Впрочем, опыт Чили и бедолаги Альенде Гонсалес наверняка учел. И против бронированных коробочек, вероятнее всего, что-нибудь да имелось.

В своей комнатке Антон находился уже два дня. Обращались с ним вежливо, кормили щедро. Апартаменты состояли из спальни и туалета, расположенного в маленьком, явно пристроенном недавно закутке. Помещение было задумано как тюрьма. И скорее всего частенько использовалось по назначению. Огорчало Антона только одно: отсутствие ванны и даже простенькой раковины. Их заменял эмалированный таз и большой кувшин с водой. В комнате, находившейся под самой крышей и накалявшейся в полдень, это было существенным недостатком. Почему неведомые строители, пристраивавшие туалет, не додумались поставить туда же и раковину с краном, оставалось загадкой.

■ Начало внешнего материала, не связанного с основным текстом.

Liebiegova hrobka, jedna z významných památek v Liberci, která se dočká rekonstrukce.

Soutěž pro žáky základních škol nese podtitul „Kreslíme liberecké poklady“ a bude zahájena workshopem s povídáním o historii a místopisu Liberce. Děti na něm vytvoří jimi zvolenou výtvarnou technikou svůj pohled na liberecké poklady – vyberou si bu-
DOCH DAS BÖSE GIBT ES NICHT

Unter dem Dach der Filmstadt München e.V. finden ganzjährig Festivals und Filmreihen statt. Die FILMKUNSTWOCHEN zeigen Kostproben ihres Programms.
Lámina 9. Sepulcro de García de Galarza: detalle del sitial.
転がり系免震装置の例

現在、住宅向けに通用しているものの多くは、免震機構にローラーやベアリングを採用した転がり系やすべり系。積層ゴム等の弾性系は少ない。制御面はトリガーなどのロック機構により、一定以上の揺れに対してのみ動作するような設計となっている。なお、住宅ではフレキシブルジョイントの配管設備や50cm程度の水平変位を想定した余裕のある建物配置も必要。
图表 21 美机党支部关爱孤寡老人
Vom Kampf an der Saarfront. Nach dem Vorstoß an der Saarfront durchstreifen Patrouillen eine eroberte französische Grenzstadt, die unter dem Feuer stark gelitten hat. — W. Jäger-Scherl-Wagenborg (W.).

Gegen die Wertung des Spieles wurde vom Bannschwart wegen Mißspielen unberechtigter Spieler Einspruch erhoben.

Мартин не показывался. Никакими допросами и разговорами Антона не доставали. Иногда ему начинало казаться, что про него просто забыли. Однако стража, двадцать четыре часа находившаяся за дверями, эту иллюзию разрушала.

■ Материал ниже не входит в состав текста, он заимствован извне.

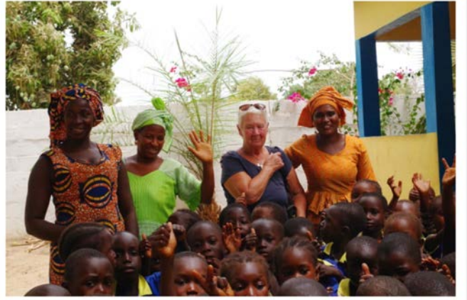
Zu Besuch in Tubakuta (oben) und Dimbaya. Hier wurde in den letzten Jahren viel erneuert und erweitert, Mitarbeiterinnen und Kinder sind sehr zufrieden. Als Gastgeschenk wurde ein Mandarinenbaum gepflanzt.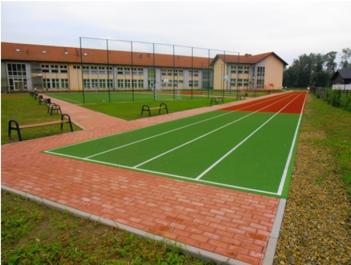
Plac zabaw za Gimnazjum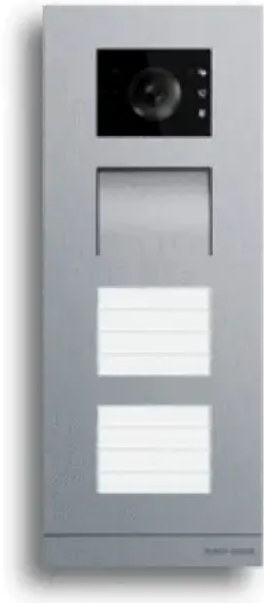
Busch-Welcome® IP Außenstation Video mit Namensschildtaster

Aus der Serie Türkommunikationssysteme von Busch-Jaeger von Busch-Jaeger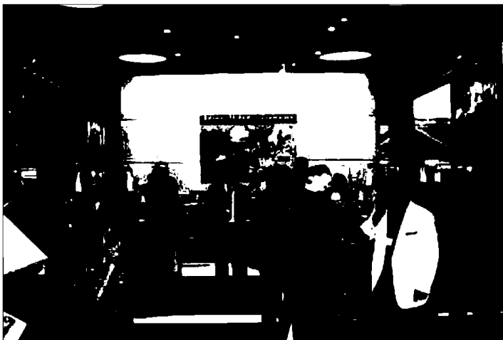
Transfennica presentó sus servicios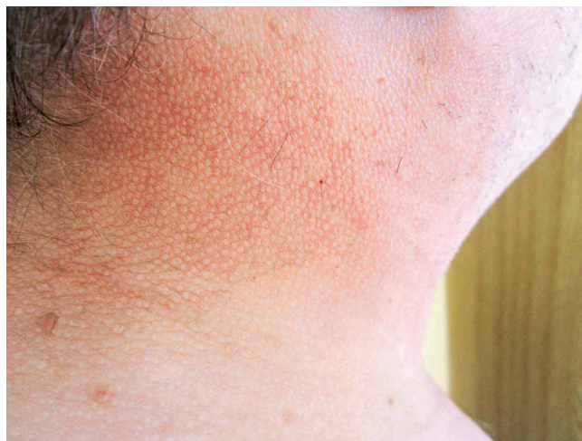
Obr. 6 Kůže v oblasti krku u pacienta se skleredémem

stolice maximálně 1× týdně. Byla provedena biopsie a histologické hodnocení kůže a podkoží. Jak histologický nález zmnoženého mucinu v celé retikulární dermis , tak klinický nález odpovídaly diagnóze skleredém ( skleroedema adultorum Buschke ). Vzhledem k současnému průkazu nálezů Mlg typu IgG kappa byl pacient dále směřován na hematologii. Histopatologické vyšetření válečku kostní dřene prokázalo 5 % klonálních plazmocytů. Zobrazovací vyšetření neprokázalo žádné postižení skeletu, diagnostická kritéria pro mnohočetný myelom nebyla naplněna.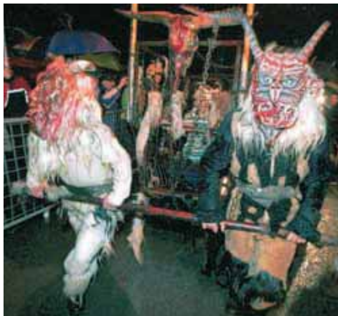
Iz lesene kletke goričanskih parkeljnov so preplašeno gledali ugrabljeni otroci.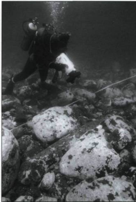
Un plongeur filme un des canons du vaisseau du Roi, le Corosso , coulé lors d'une tempête de l'automne 1693, alors qu'il tentait de regagner la baie de Sept-Îles. (Photo : Marc-André Bernier, Parcs Canada).

trois mois, mis à part un court débarquement à Beauport, les miliciens de Dorchester furent soumis aux pires conditions de voyage. Entassés dans une embarcation de faible dimension et rongés par la maladie, ils durent se façonner des lampes de fortune avec des

В основном Ракушкин валялся на узкой кушетке и думал.

Гостеприимный плен его ничуть не смущал. Во-первых, он уже успел выкрутить большую часть шурупов, которыми опрометчиво была приделана к окну решетка. Это был прямой выход на крышу, а там уж он разберется. Во-вторых, вероятность подобного исхода была просчитана заранее. Яковлев предупрежден, да и сам отправил коллегу в «свободный поиск». Спохватятся только через неделю, не раньше. А искать начнут с заранее обговоренных «почтовых» мест, где Юрия Алексеевича лежит-дожидается полный, насколько это возможно, отчет о действиях Антона и его планах.

Учитывая это все, можно было с чистой совестью побездельничать, валяясь в кровати. К тому же когда еще выпадет возможность спокойно поразмыслить?

И ведь было о чем. Ситуация в Буэнос-Айресе складывалась какая-то исключительно нелепая.

С одной стороны находились власти. Мадам президент, Изабелла Перон, крикливый парламент, ворюги-министры, продавшаяся на корню полиция и зажравшаяся тайная полиция, позволявшая всем, в том числе и самой себе, все, а также заслужившая славу палача-самодура: «захочу – казню, захочу – так оставлю». Президент не обладала должной властью и сообразительностью, чтобы придавить парламент, разогнать к черту толстопузых министров и публично высечь полицию, чтобы злее была. Изабелла была одна-одинешенька и ни черта не разбиралась в лабиринте коридоров власти. Несчастная, по сути, женщина. Парламентеры, без жесткой руки сверху, тут же превратились в пресловутых лебедя, рака и щуку. Каждый норовил урвать кусочек власти побольше, побогаче да пожирнее. Словно стая бешеных собак, они рвали тело Аргентины, дурея от запаха крови. Власть пошатывалась на глиняных ногах, и опереться было не на что.